Is being left alone the worst that can happen? 

So be it, let me be alone. I don’t want to tread this thorny path; I don’t care for trying to please the owners of vases. Day after day, the young flowers around me were being subjected to hybrid experimentation; they were being created and recreated, in order to become that which is believed to be the only face, the only measure of beauty, until finally they all become alike. Twins made up of thousands of siblings, all of them, I admit, far more beautiful than I.

So be it, let me be alone. I don’t yearn for this kind of beauty; a dead beauty that is created solely for the purpose of being cut and imprisoned inside a dead container that provides it with life’s minimum requirements. A lifeless container that neither shares its feelings and passion for life, nor does it allow it to grow or open its petals; and there, it stands alone, eventually abandoned by all except the webs of spiders.

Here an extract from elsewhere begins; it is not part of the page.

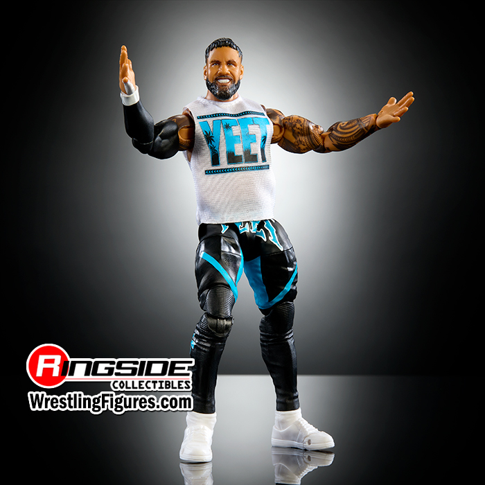 Eat, sleep, yeet, repeat: Jey Uso’s ready to forge his own path in Mattel WWE Elite Series 114! Main Event Jey reaches new heights with a determined, bearded headscan. He comes wearing black tights with vivid blue “Yeet” logo and blue trim, as well as white hi-top sneakers and black “Yeet” logo sleeve. Uso’s high-energy look is complete with accurate tattoos, white sleeveless “Yeet” logo tee, and an additional pair of hands for dynamic entrance poses!

Its splendor and perfection become tedious within days. It withers and dries, and is ignored, while another is cut to replace it, then another. There is not need to distinguish one from another. There is no need for joy or sorrow; its life is reduced to a short existence in exile away from its roots, away from the warmth of the sun and the song of the birds, and out of reach of the butterflies and the beautiful relationships it could have had with them.

Only I know that the butterflies will no longer accept these multitudes of twins, because they can’t engage their souls with crumbs, remnants of life that have not soul, no essence.

But I don’t know who else but the butterflies will weep for their kidnapped scent?

Fadwa

(have a look at the collage: http://fadwas-inspirational.blogspot.com/2009/06/kidnapped-perfume.html)

3 Responses to “Kidnapped Perfume”

  1. Unwineevervon Says:

    Hi, Congratulations to the site owner for this marvelous work you’ve done. It has lots of useful and interesting data.

  2. Timaree (freebird) Says:

    Oh Fadwa, this is terrific. It makes me think of my husband who is so old-fashioned and out of his element I call him a dinosaur. It makes me think of my grandson who has trouble learning in regular classes although he’s been tested to show a healthy IQ. It makes me think of the food we eat today that is mass produced and how it has few vitamins and for all we know could be causing a lot of the cancer we encounter today. It makes me think of so many things but especially how we have little tolerance for real things that don’t fit our ideas of what should be. Extremely sorrowful to me and thought provoking.

  3. Sally Says:

    Very interesting. We don’t always think what attracts us to others. Very well written and a lot of thought in reading.